L'Exil, roman (67)
Il y a des livres qu’on ouvre.
Et d’autres qui vous ouvrent.
Dorian tenait le manuscrit avec des gants de coton blanc.
À travers la vitre du laboratoire, Bucarest s’effondrait sous la pluie. Un ciel de goudron. Des immeubles pelés. Des paraboles comme des coquilles mortes sur les balcons. Il faisait froid. Une sorte de froid qui ne venait pas du dehors, mais du papier.
Le manuscrit était là, devant lui.
Un rouleau de peau d’agneau — rongé, grumeleux, saturé de moisissures anciennes. Pourtant… les lettres.
Les lettres vibraient.
Pas tout à fait du latin.
Pas tout à fait du grec.
Une langue instable. Comme si l’alphabet lui-même hésitait.
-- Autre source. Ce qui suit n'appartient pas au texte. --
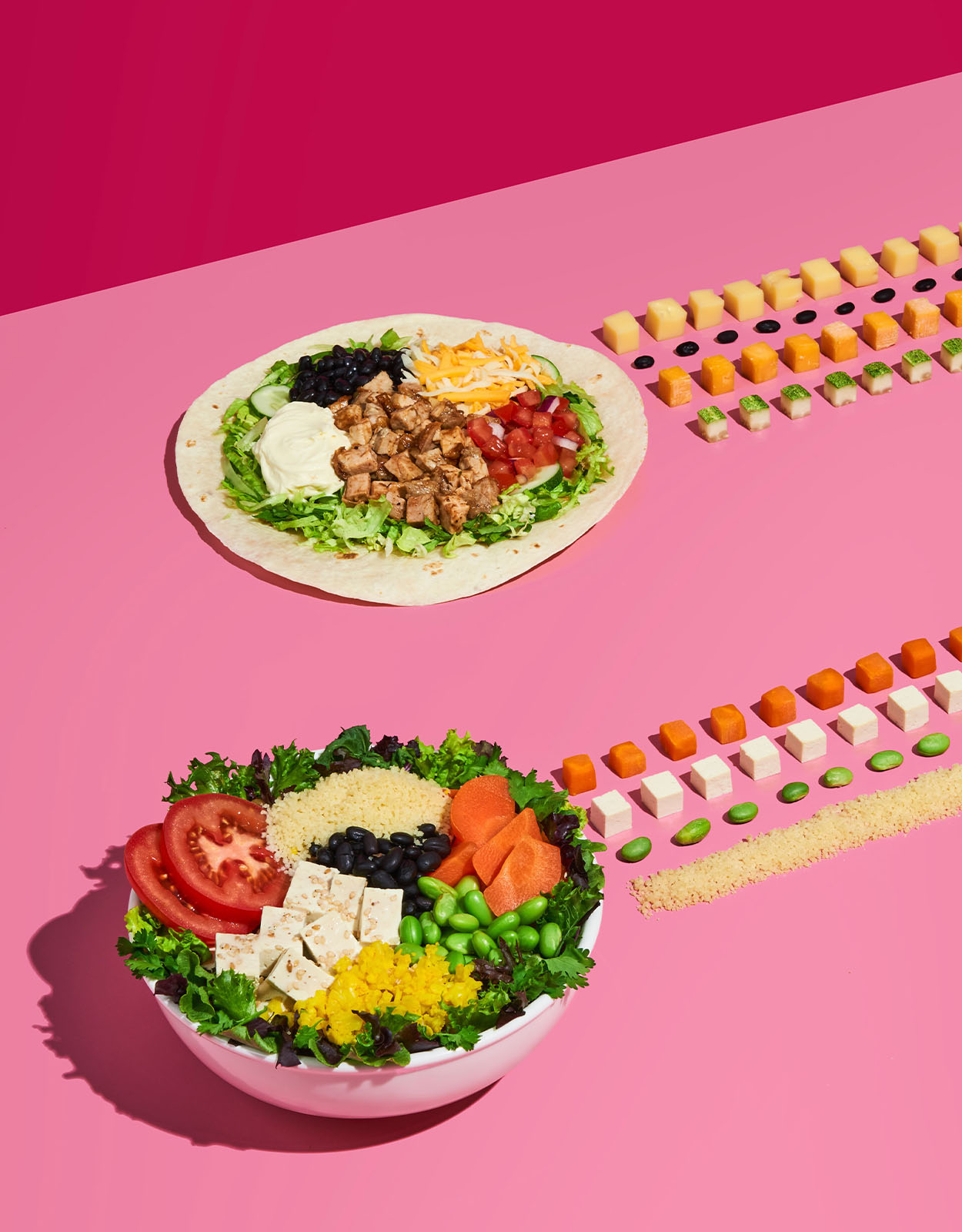 Made with two servings of grains, crisp lettuce, and zesty tomato salsa, The Grain Bowl is complemented by a choice of adobo black beans or buttered corn, paired with succulent grilled chicken or savory beef chili con carne.
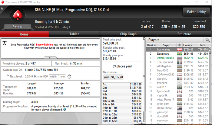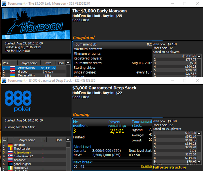 Продолжаю ждать, когда старзы разродятся заносом, а пока продолжаем собирать с 888 и пати недополученное за последние 7 месяцев.(Правда, пора б в 6макс при равных стеках тащить АВ в КВ в Монсоне, ну да ладно)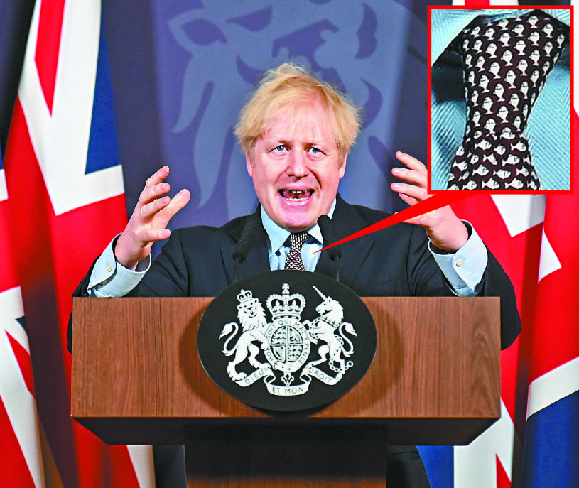 約翰遜平安夜在網上發放的賀節片段,形容協議是「天大喜訊」,建議國民可當成聖誕節午餐讀物。他拿着一大叠協議文本,指去年的分手協議只是前菜,新協議才是「盛宴,有很多魚的」。他亦戴上有很多魚圖案的領帶。

Il l’avait trouvé dans les sous-sols de l’Institut de Langues Anciennes, dans une caisse non répertoriée, sous une pile de faux manuscrits médiévaux. Un archiviste avait dit, distraitement :
— Ah, ce truc ? Un apocryphe. Une blague de doctorant.
— Et vous l’avez lu ?
— Non. Il pue le soufre.
Dorian avait ri. Puis il avait ouvert.
Et tout avait changé.
Il avait commencé à traduire.
Au début, c’était fragmentaire.
Des morceaux. Des visions.
Une voix — Ovide, croyait-il. Mais autre.
Un Ovide devenu vent. Ou fièvre.
“Je suis lu.
Je suis su.
Je suis celui qu’on a rayé du monde.”
Et Dorian s’était mis à rêver.
Des rêves froids, percutants.
Des formes blanches.
Un théâtre vide.
Un homme à demi nu, qui écrivait sur sa propre peau avec une aiguille d’os.
Chaque nuit, il transcrivait.
Chaque jour, il doutait.
Il avait essayé de faire lire le texte à ses collègues. Personne ne voyait les mêmes lettres.
Certains lisaient des prières.
D’autres, une série de dates.
Un professeur, en tremblant, avait dit :
— Ce n’est pas un manuscrit. C’est une présence.
Alors Dorian avait décidé de se taire.
Et de lire seul.
Le cinquième fragment parlait d’un livre qui dévore ses lecteurs.
Le sixième : d’un dieu oublié, sans visage.
Le septième, enfin, prononçait son nom.
Le sien.
Dorian.
Toi qui lis.
Tu n’as plus d’excuse.
Tu as vu ce qu’Ovide a vu.
Tu dois maintenant oublier.
Dorian s’arrêta. La pièce était vide.
Mais il sentit un souffle dans sa nuque.
Il se retourna.
Rien.
Seulement le manuscrit.
Et sur le dernier feuillet, que la veille encore il avait cru vierge, une phrase nouvelle était apparue.
Celui qui lit devient l’exilé.
Il ferma le livre.
Mais trop tard.
Le silence avait changé de densité.
Les murs aussi.
Et en lui, une voix ancienne commença à parler.